DeskPi-Team / super6c

Super6c stands for Super 6 CM4 Cluster.
MIT License
72 stars 5 forks source link

NVMe running too hot; internal network switch issues related to SSDs #9

Closed 1201am closed 8 months ago

1201am commented 1 year ago

Is there a list of tested and officially supported m.2 NVMe SSDs that work with DeskPi Super6C?

My personal experience is with Kioxia BG4 256GB m.2 NVMe SSD (KBG40ZNV256G). Purchase 6 SSDs and noticed that they're running very hot even idle, frequently above 60C (they're 20 degrees cooler when attached to my Dell PC). Purchased 4 more of the same SSDs, same story - running too hot.

Also, with 5 out of 10 Kioxia SSDs I've purchased, I have one or two CM4 modules losing network connectivity permanently. LEDs near the modules show that the CM4 is up and running but cannot be reached over the network. Once the SSD that is causing the issue is removed, everything connects just fine. I've noticed that if the "problem" SSD is installed, say, on slot #6, that causes connectivity loss on CM4 #4 so no direct mapping between module # and SSD port #.

There is a slight possibility that this is caused by SSD's firmware but all 10 SSDs test just fine on a PC. Finding (by trial and error) which SSD is causing network problem and replacing it with Samsung 960 EVO solves the problem with network connectivity. Also, Samsung 960 EVO is running much cooler than Kioxia even though the latter is supposed to be more energy efficient.

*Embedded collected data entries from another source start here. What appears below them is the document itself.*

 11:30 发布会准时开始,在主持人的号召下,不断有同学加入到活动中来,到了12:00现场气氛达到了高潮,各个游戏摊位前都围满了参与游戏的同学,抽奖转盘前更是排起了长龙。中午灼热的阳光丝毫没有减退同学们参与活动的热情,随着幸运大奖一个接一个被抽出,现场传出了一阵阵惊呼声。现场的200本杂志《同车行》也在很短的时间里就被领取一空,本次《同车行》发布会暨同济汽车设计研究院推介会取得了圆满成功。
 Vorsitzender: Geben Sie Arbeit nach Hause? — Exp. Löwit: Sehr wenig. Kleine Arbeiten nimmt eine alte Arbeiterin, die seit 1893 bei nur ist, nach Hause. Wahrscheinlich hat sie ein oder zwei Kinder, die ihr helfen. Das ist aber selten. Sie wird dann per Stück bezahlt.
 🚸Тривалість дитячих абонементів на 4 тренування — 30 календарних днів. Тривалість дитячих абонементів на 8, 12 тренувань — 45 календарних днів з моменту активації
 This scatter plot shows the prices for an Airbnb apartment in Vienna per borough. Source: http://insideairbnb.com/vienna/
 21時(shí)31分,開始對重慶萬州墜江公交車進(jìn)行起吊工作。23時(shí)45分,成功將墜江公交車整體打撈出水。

Tried 3 different DeskPi Super6C boards (the latest one is the revision with LED lights on network ports) as I initially thought that it is a defective board but the issue with hot Kioxia BG4 and disconnected modules is replicated across all Super6C boards.

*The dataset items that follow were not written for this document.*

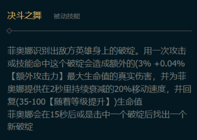 被动技能,随机刷新对方身上的破绽,打破绽造成真伤,加移速回血。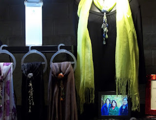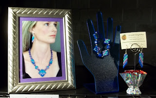 It started with a Ladies Night charity fundraiser at our local Home Hardware store where I had a display featuring our new scarf jewelry and interchangeable earring system. I was so busy I completely forgot about taking a photo of my table set-up. I did manage, however, to take a picture of Laura in her gorgeous gown and wearing one of our scarf jewelry sets.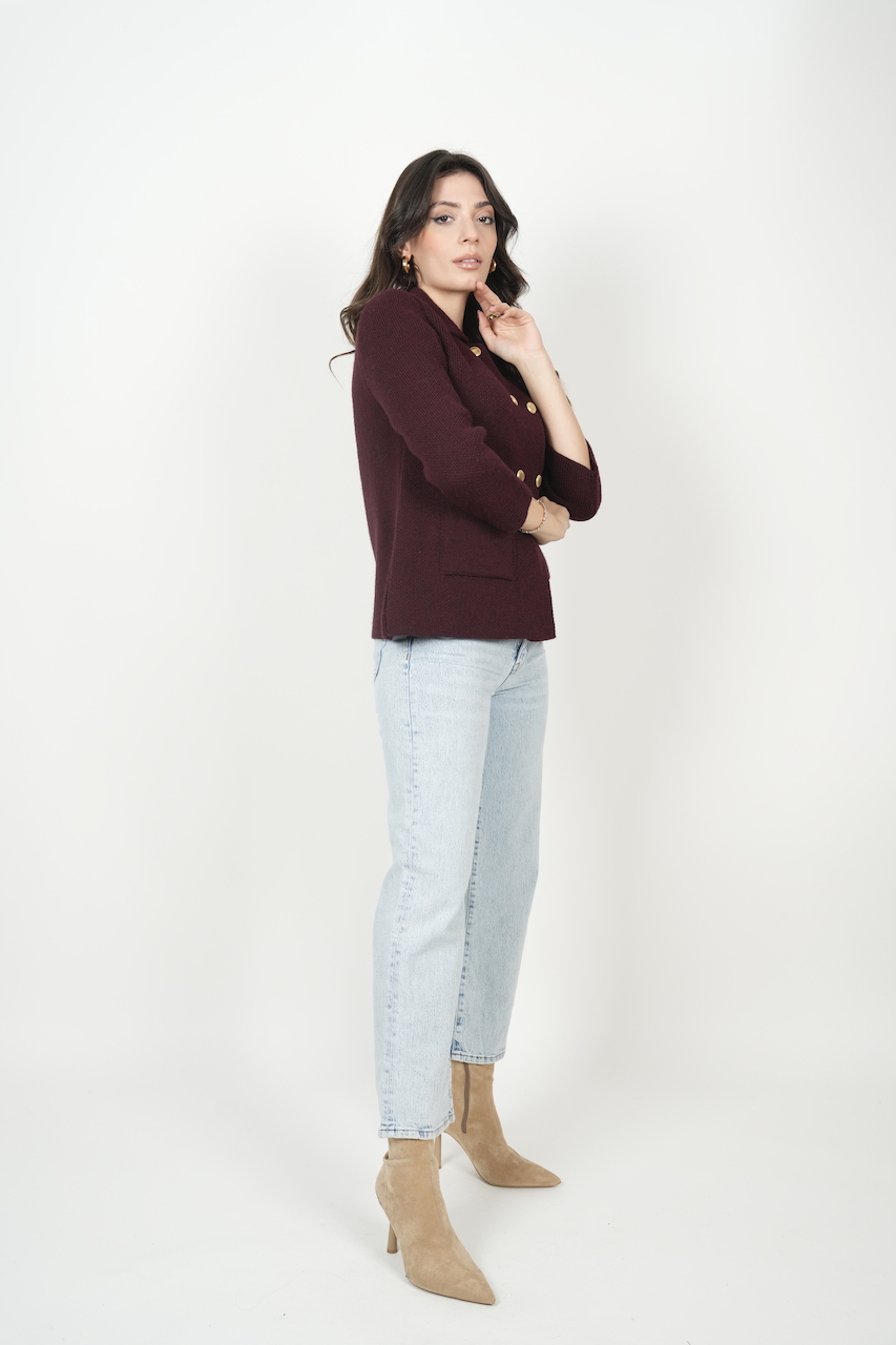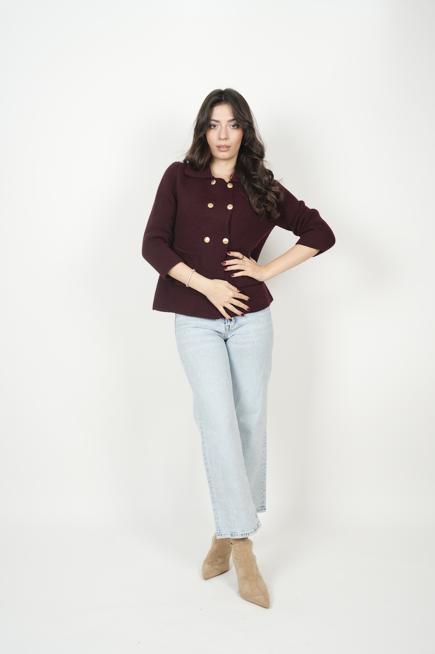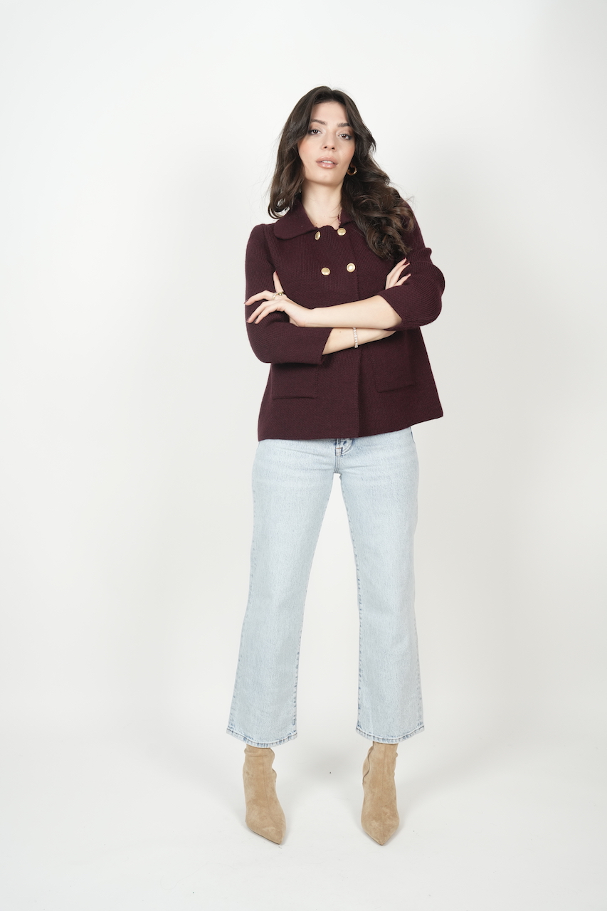 Polo Yaka Düğmeli Cepli Triko Hırka – Bordo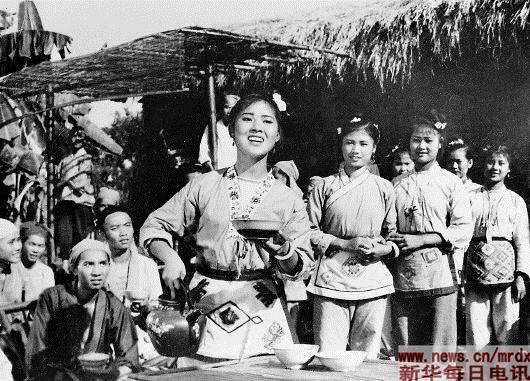 影片《劉三姐》中的一個(gè)鏡頭:劉三姐(前,黃婉秋飾)和四方歌手會歌。新華社資料片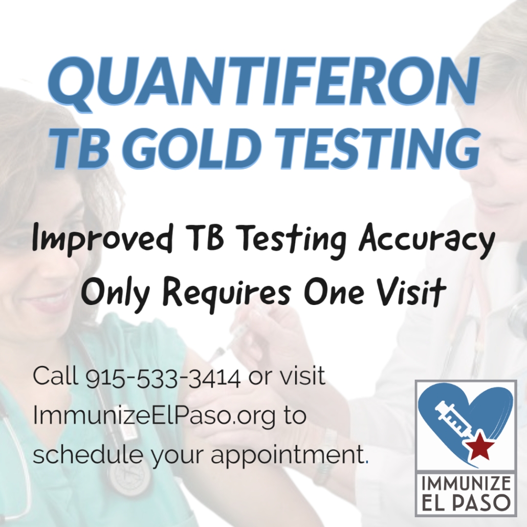 Many schools, employers, and other institutions are now asking for a QuantiFERON-TB Gold Blood Test (QFT+ or QFT-Plus) tuberculosis screening, as opposed to the TB skin test. Immunize El Paso now offers the QuantiFERON TB Gold test at each clinic location.

Something that is specific to Kioxia BG4 is that they're HMB (host memory buffer technology) SSDs, not sure if that is affecting the temperatures somehow but I think it will be great if we have a manufacturer-validated list of officially supported SSDs that work with Super6C.

aderesh commented 1 year ago

If it helps, I use 3 MMOMENT NVMe M.2 2280 PCIe Gen 3x4 256GB and one MMOMENT NVMe M.2 2280 PCIe Gen 3x4 1TB. It's a k3s cluster with longhorn and a few workloads (media server, jenkins etc). Super6c with LED lights on network ports + 12 cm fan. Micron 512 GB NVMe (don't know the model) didn't work as bootable NVME but worked in SD(bootable) + NVME configuration - not sure if it's something wrong with that unit or some sort of a hardware incompatibility.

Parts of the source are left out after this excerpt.